It would be cool to have a battery that you would never have to worry about charging!! I'll take one for an EV, my cell phone, and my laptop. Apparently they are safe too, so it is like the LiFePO4(in comparison to LiCoO2) of stored nuclear power.


----------



## vpoppv (Jul 27, 2009)

"People hear the word 'nuclear' and think of something very dangerous," Dr Jae said. 

I know that I was picturing Chernobyl in my trunk....


----------



## PhantomPholly (Aug 20, 2008)

Shades of Dr. Evil...

Really, they can make "black boxes" which survive aircraft crashes at 500+mph, I think they could devise a safe storage container for million year batteries.

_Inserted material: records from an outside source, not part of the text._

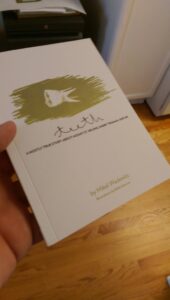 Oh, right, it’s “accomplished.”That word makes me feel like a part of my brain fell off and is now rattling around inside my head so that whenever I hear it, the sound of the word is overwhelmed by the perceived rattling of a chunk of flesh against my skull.Not that I think this little book I am holding in my hand is not kind of cool. But let’s be honest. I’ve not even managed to update this blog in years and I’ve been known to spend whole weekends watching YouTube videos. I’ve never adopted a “writing schedule” and I am totally unable to quote passages from my favorite books.But look at that: a book I made. Without necessarily holding on to some traditionalist view of what it means to be a writer. There it is. And when I first saw it, I burst into tears.You see, I grew up pretending I was going to be a writer. I copied movie scripts and fictionalized them at age 12. I wrote horrible poetry–as we all do–at age 16. I crafted two novels in college and in my 20s that, even judging now, weren’t so bad. But writing as a way of life or a profession takes certain elements and character traits I simply don’t possess. I realize now a big chunk of that is the complete lack of financial security being a writer entails. But THAT is an entirely different post.What I will say is that I am full of good ideas that never come to fruition. And I suppose many people who pursue any kind of creativity–whatever that means for them–would say the same.That little book in my hand was an idea that showed up in the chunk of my brain not rattling around against my skull about 10 years ago. I had written these three weird stories/essays about death because I was going to put together a book proposal and sell it to an agent and then to a publisher and I was going to spark some trend and someone was going to pay me a high five-figure advance because they believed they could sell me to The New York Times, Oprah, or at least Mental Floss magazine. But. But. But. Wait.I’d worked in book publishing. I knew how this would go if I went down this path. And it was not how I wanted it to go. I didn’t want to have to do this…song and dance…about what it “meant to be a writer.” I didn’t want to hope that selling myself meant finding someone “sympatico” or even sympathetic.I looked to a musician whose work I very much admired as an inspiration. She had left her record label behind and decided to be entirely listener supported. I couldn’t do that of course since I did not have 20 years of audience support. But I could find a way to make the book or books I wanted. Surely. What I lacked in financial resources I made up in my personal relationships. It turns out that when you tell people of an idea you have, they *support* you and they might even want to be *involved* in it. My muses were my friends, ex-lovers, co-workers, casual acquaintances. I did my own grassroots PR for so long talking about these little books that when it came time to actually finish this first one, I knew exactly what to do.I realize now I had some living I needed to do in order to make books about the dead.I needed to know exactly how to say what I wanted.I needed to be comfortable with saying no. And yes. And I don’t know.It still took a few years past this point of having friends work in their spare time. Of fretting over a story tweak. Of wondering if this was just a vanity project by a middle-aged man. There are much worse vanity projects to have, let’s be honest. And vanity is still the hope of telling a good story. Of showing how talented my friends–and artists in their own rights–are. Of wanting to share stories.So I don’t see it as an accomplishment per se. To me it was meant to be in one way or the other. And now it gets to be more than just something I told you once upon a time. It’s an object. A story. A collaboration. A labor. A wish. A lark. A book.xo-M -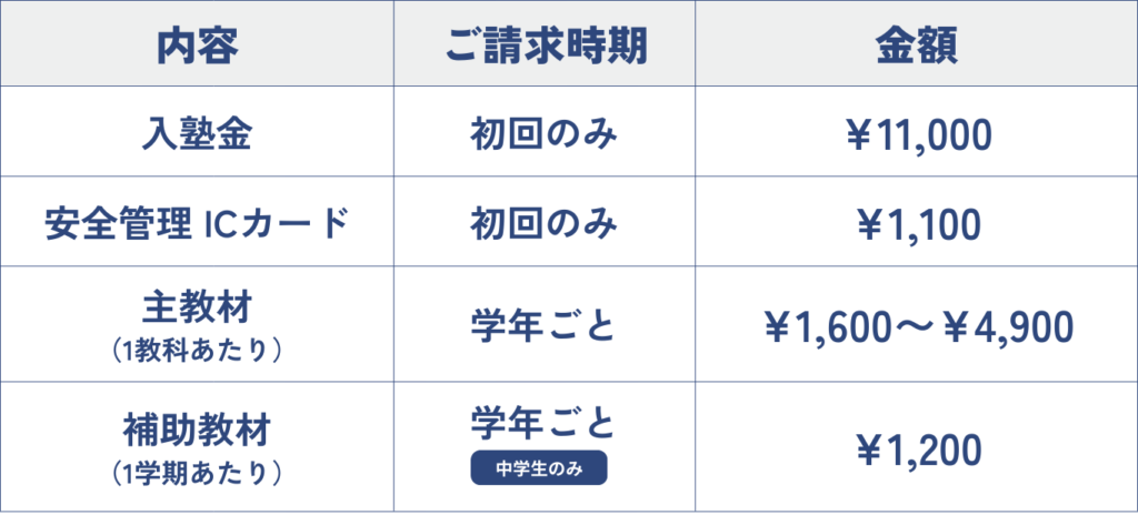 • 兄弟姉妹で同時に通塾する場合、上記金額から「10%」割引致します。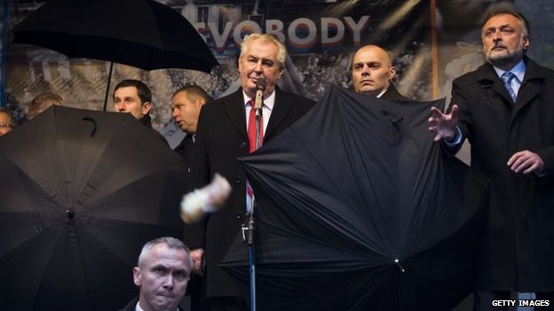 O πρόεδρος της Γερμανίας Γιοάχιμ Γκάουκ, που επισκέφθηκε την Πράγα μαζί με άλλους προέδρους χωρών της κεντρικής Ευρώπης με αφορμή την 25η επέτειο της πτώσης του κομμουνισμού, «επλήγη» στο κεφάλι από ένα αυγό που προοριζόταν για τον Tσέχο ομόλογό του Μίλος Ζέμαν, ανακοίνωσε την Δευτέρα η προεδρία της Τσεχίας.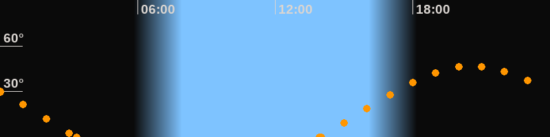 Höchster Stand (Kulmination)20:35 Uhr (h = 46.8°)

The only question then, is whether the power density is sufficient for driving.


----------



## Stunt Driver (May 14, 2009)

Little Chernobyl will happen if you crash and spill material all over. Or if designing bulletproof box around it - likely to be expensive. Even thou idea seems nice - I doubt it will ever make it into cars for the safety or cost reasons. Don't take me as pissimist, I'm just discounting for all the buerocracy


----------



## Jokerzwild (Jun 11, 2009)

Hmmmmm, do not allow 3rd world countries to produce nuclear power plants, but allow every Tom, Dick and moron in our community to have a small piece of nuclear power. How long before some miss understood moron cracks it open to see if licking it will give him a new high?


----------



## PhantomPholly (Aug 20, 2008)

Jokerzwild said:


> Hmmmmm, do not allow 3rd world countries to produce nuclear power plants, but allow every Tom, Dick and moron in our community to have a small piece of nuclear power. How long before some miss understood moron cracks it open to see if licking it will give him a new high?

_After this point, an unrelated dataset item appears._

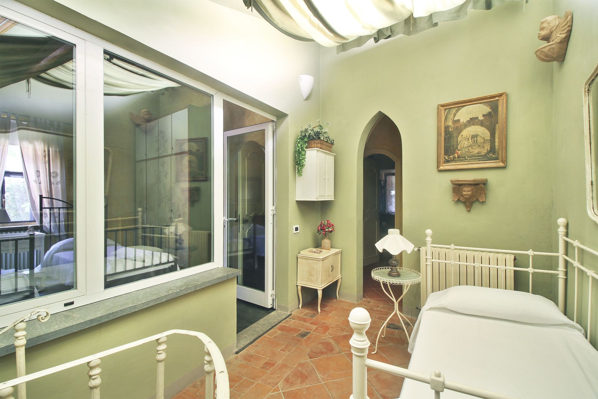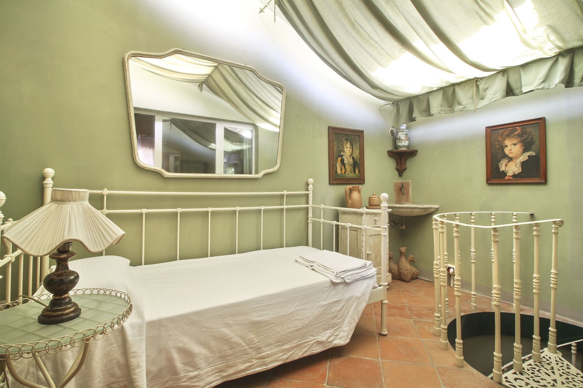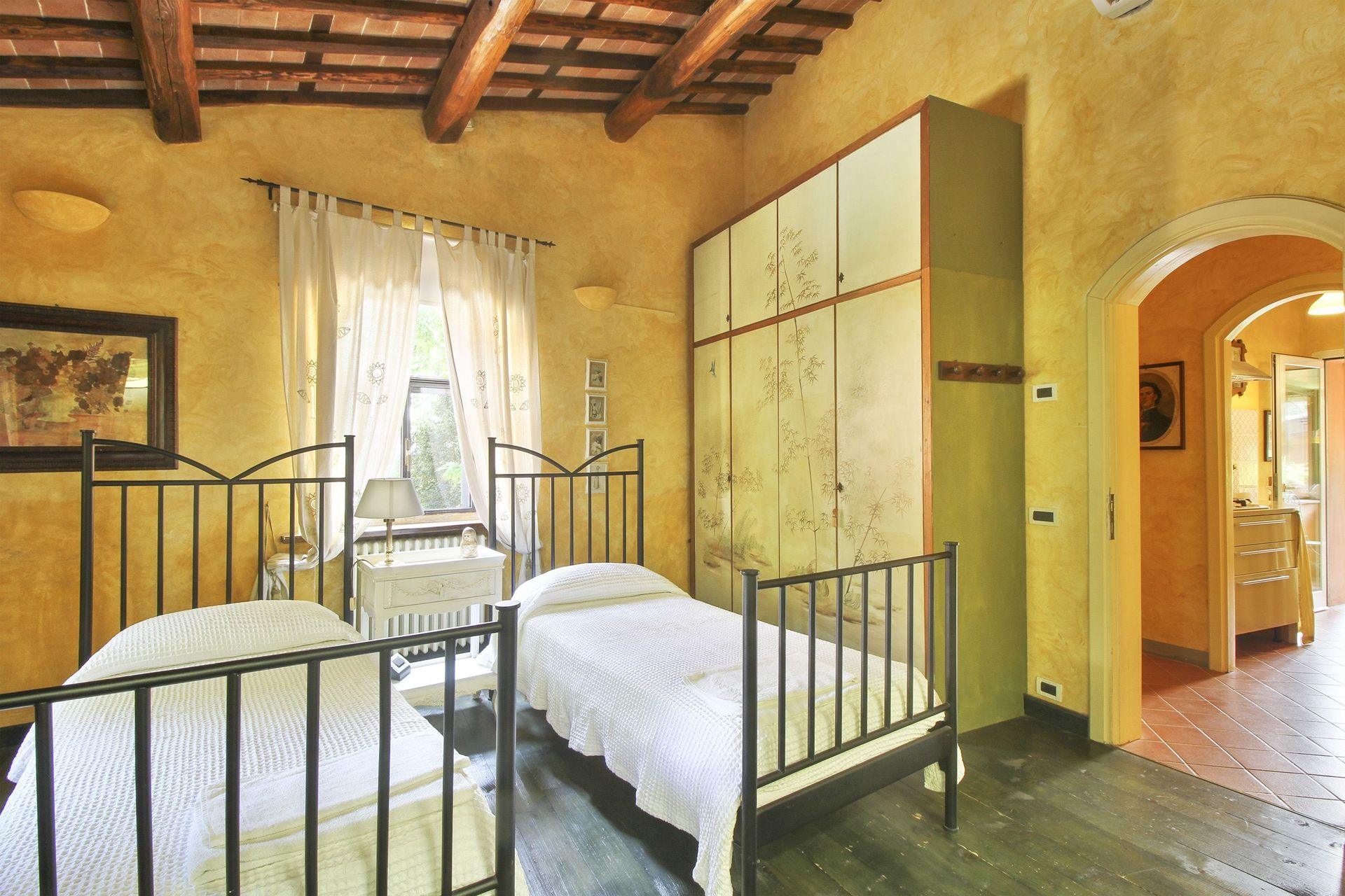 premier étage (accès par un escalier en colimaçon ou par l’extérieur): petit salon/chambre à coucher avec un lit à une place et demie et accès sur une petite véranda (5m2) fermée (vitrée) avec une table pour deux personnes, petit coin-cuisine de passage (petit four électrique, freezer) avec accès sur la petite véranda, une grande chambre double avec accès sur une terrasse couverte (10m2) et salle de bains privée avec douche, une chambre avec deux lits à une place, une chambre de passage avec un lit à une place (fenêtre dans le toit), salle de bains avec baignoire. Air conditionné dans les deux chambres à coucher principales et la petite véranda.

I don't know, but it will probably be measured in nanoseconds...


----------



## yarross (Jan 7, 2009)

PhantomPholly said:


> Hmmm, could we buy a LOT of these to power our EVs?


Not suitable.
These have very low efficiency (3-7% or so). Assuming you need 15kWe you would need 150-250kWth. Radioisotopic sources release heat whenever you use them or not. Imagine hot summer and your garage with parked 200kW heater.
Also, the cost would eat you.


----------



## IamIan (Mar 29, 2009)

The biggest probably historically with Nuclear batteries has always been the extremely low power density... even though they have very high energy density.

In other words ... the total energy Watt hours they produce over the 100+ years they run for is very high Wh/g.... but they have never had the short term cranking power Watts ... they produce power in a constantly decaying fashion.

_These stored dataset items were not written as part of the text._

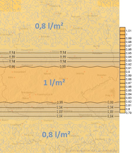 Am Sonntag und Montag kommt es zu teils schauerartigen Niederschlägen. Die Schneefallgrenze sinkt wahrscheinlich gebietsweise auf 400 bis 700 m. Im Süden Deutschlands regnet es am Sonntag für längere Zeit. In der Nacht auf Montag geht der Regen bis in tiefere Lagen in Schnee über und führt zu winterlichen Straßenverhältnissen. Hier können an beiden Tagen insgesamt über 50 Liter Niederschlag pro Quadratmeter fallen. Im Nordosten bleibt es am Montag vermutlich trocken.
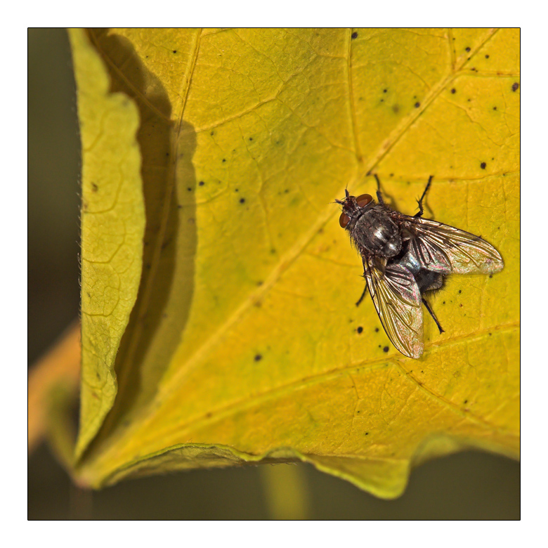 Anzi... la composizione è assolutamente bella con una geometria impeccabile con la diagonale perfettamente tracciata dalla venatura della foglia scartocciata e la posizione della mosca che ispira un piacevole rincorrersi di triangoli e triangolini.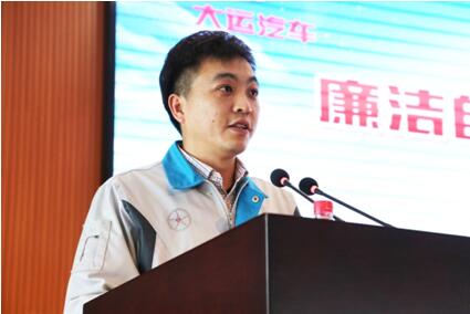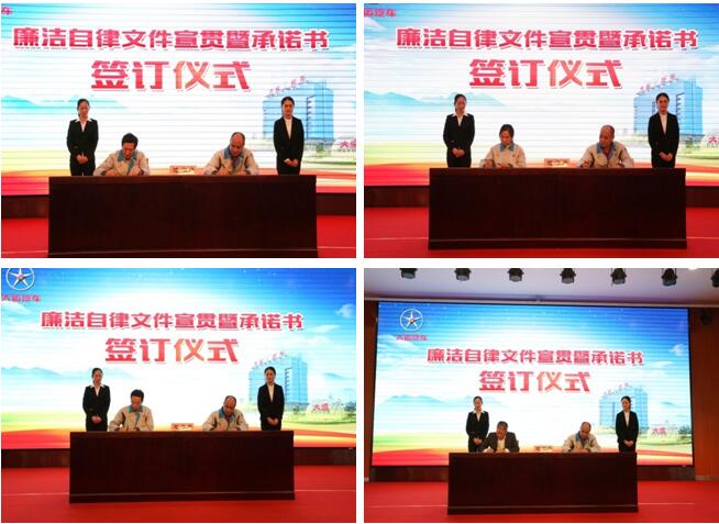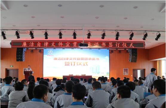 随后,公司副总经理级任职管理人员代表——生产副总经理孙兆明、中层任职管理人员代表——供应副总经理助理张椿、员工代表——品质管理部裴志伟、合作方代表——潍柴动力销售经理于爱军分别向大会作廉洁自律承诺,并同陈澔利总经理签订廉洁自律承诺书。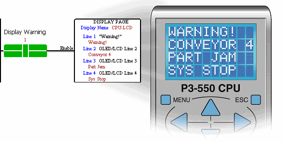 Display program-triggered messages on the OLED/LCD screen of one or more P Series (P3 & P2) CPUs or Remote Slaves.
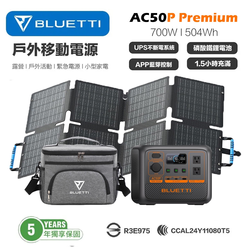 內容簡介 高效、輕巧、強大BLUETTI AC50P 電站是您可以在露營團體中炫耀的東西。它具有 504Wh 容量和 700W 高功率輸出,確保您擁有充足的能量來運行必需品。先進的AI-BMS智慧優化能耗,最大限度地延長運行時間和提高效率。可靈活地透過太陽能板或電池組充電,您可以不間斷地享受持續的電力。 AC50P 重量輕且便於攜帶,是您戶外探險甚至緊急情況下的首選電源。三重技術延長電池壽命BLUETOPUS BMS:這款由人工智慧驅動的電池管理系統可優化能源利用率,確保您整個旅程的電力供應持續穩定。日間太陽能:白天使用太陽能板充電,讓您為設備供電,同時補充電池電量。精緻設計,卓越性能AC50P 擁有業界領先的 700W 額定功率,比同類產品高出 200W,可輕鬆為更多設備供電。啟動功率提升模式*,可驅動高達 1,200W 的設備,例如水壺、電飯煲等。*非常適合運行 1,200W 以下的純電阻負載。快速安全充電透過 Turbo Charging,AC50P 僅需 50 分鐘即可充電至 80%,80 分鐘即可充滿電。當您享用美食或收拾行裝時,您的設備將立即準備就緒。此外,整合的 AI-BMS 不斷管理充電和放電狀態,以優化充電過程並最大限度地延長電池壽命。您的安全,我們的首要任務AC50P 使用更安全的 LiFePO4 電池,使用壽命長達 10 年。它可以在 -20°C 至 40°C 的溫度範圍內平穩運行,具有抗過熱能力,並且可以在極冷條件下安全使用。睡眠級噪音,安睡一夜讓自己沉浸在大自然中,不受惱人噪音的干擾。 AC50P 運作時噪音水平極低,僅 45dB – 與現代冰箱一樣安靜。現在,您可以不受干擾地聆聽大自然的舒緩聲音,或在帳篷裡安然入睡,而不會受到嗡嗡聲的干擾。靈活選擇您喜歡的任何充電方式同時為多達 6 台設備供電AC50P 不僅僅是一個發電站;它是您的個人能源中心。它配備一系列插座,包括 2 個 700W 交流電源插座、2 個 65W USB-C 端口、1 個 15W USB-A 端口和 1 個 120W 點煙器端口,確保您的離網生活不會錯過任何節拍。智慧電力,智能生活透過直覺的 BLUETTI 應用程序,您可以掌控 AC50P 的一切。無論您是在家中還是在野外,您都可以監控即時電源使用情況和電池電量,自訂充電設定以獲得最佳效能,甚至更新韌體以獲得增強功能。 Bluetti AC50P 戶外儲能電站 額定功率: 700W,動力提升功率高達 1200W電池容量: 504Wh電池類型: LiFePO₄ 磷酸鐵鋰, 循環超過 3000 次電量還可保持80%,壽命達10年設備尺寸: 28cm x 20cm x 22cm重量:6.9KGDC可輸出 2 x 65W USB-C 端口 , 1 x 15W USB-A 連接埠 , 1 x 12V 10A 點煙器連接埠 , 1 x 無線充電輸出, 高達 15W交流電輸出:最多可同時為 2 台設備供電太陽能板充電時間:約 3 小時(在最佳條件下)透過交流AC充電: 輸入功率高達 600W,80分鐘充滿電渦輪快速充電:50 分鐘內可從 0% 充電至 80% 【商品保固】購買時請指名台灣公司貨:禾蓁發展企業有限公司享有保固5年BLUETTI 60W 便攜式太陽能板可提供 60W 太陽能,實現高效的太陽能吸收,相容於 BLUETTI Handsfree 1、Handsfree 2、AC2A 以及 USB-A、USB-C 電子設備。這款太陽能板採用單晶電池,可將高達 24.7% 的陽光轉換為可用電能,確保您即使在陰天也能保持充電狀態。採用持久的 ETFE 塗層,可防止刮擦和濺水(IP65 等級),非常適合露營、釣魚、遠足等。重量僅 1.4 公斤,折疊後尺寸為 23x21x7cm ,易於打包並隨身攜帶,可立即利用太陽能供電。BLUETTI 60W太陽能板、DC5521轉XT60連接器(1.2m)、登山扣×2

They work well for application like space probes where energy density massively trumps the tiny bits of power output, and budgets are in the $ multi-Million range ... but for the rest of us... a battery of 100 kg in your EV needs to put out peak power rates way higher than ~100Watts... and for the cost $ and weight , you can do much better with other things in people mover EV applications.

Kind of like setting up an old crystal radio rig and instead of powering the speaker you use those milli-amps to ssssllllllloooooowwwwlllllyyyyy recharge batteries ... and given a ~100 year operating time the small weight of the unit means it will have good energy density... but its power density still sucks.

No matter how much total Ah a battery holds if its real time peak power output is too small it won't even be able to counter some other batteries self discharge rate.


----------



## mxmtech (Apr 21, 2009)

I'll bet you can't buy any at any price. Maybe they're for the Chevy Volt. Looks bogus to me.


----------



## PhantomPholly (Aug 20, 2008)

I'm sure it isn't bogus since they DO already use them in space ships; but I agree we aren't likely to see them anytime soon in WalMart.

Around a decade ago I saw an article in PopSci about "nuclear power" generating electricity, but it was "safe" because whatever they were using didn't get hot unless you continually bombarded it with low energy microwaves. Kind of like the old nuclear damping rods in reverse - lack of input instantly shut the "reaction" down. Such a thing might be safe for commercial use - but since we haven't heard anything about it recently I'll wager it was a low-yield for power generation.


----------



## Amberwolf (May 29, 2009)

Just hook these NBs up to some EEStor unobtanium, and constantly charge the EEStors up from the NBs. 

Then we can hook them up to some of those super-efficient AC motors and controllers that no one can buy, and have a really nice EV. 
________
Laguna Bay Condominium


----------



## PhantomPholly (Aug 20, 2008)

Amberwolf said:


> Just hook these NBs up to some EEStor unobtanium, and constantly charge the EEStors up from the NBs.
> 
> Then we can hook them up to some of those super-efficient AC motors and controllers that no one can buy, and have a really nice EV.


Well, given the unobtanium we could skip directly to antigravity!


----------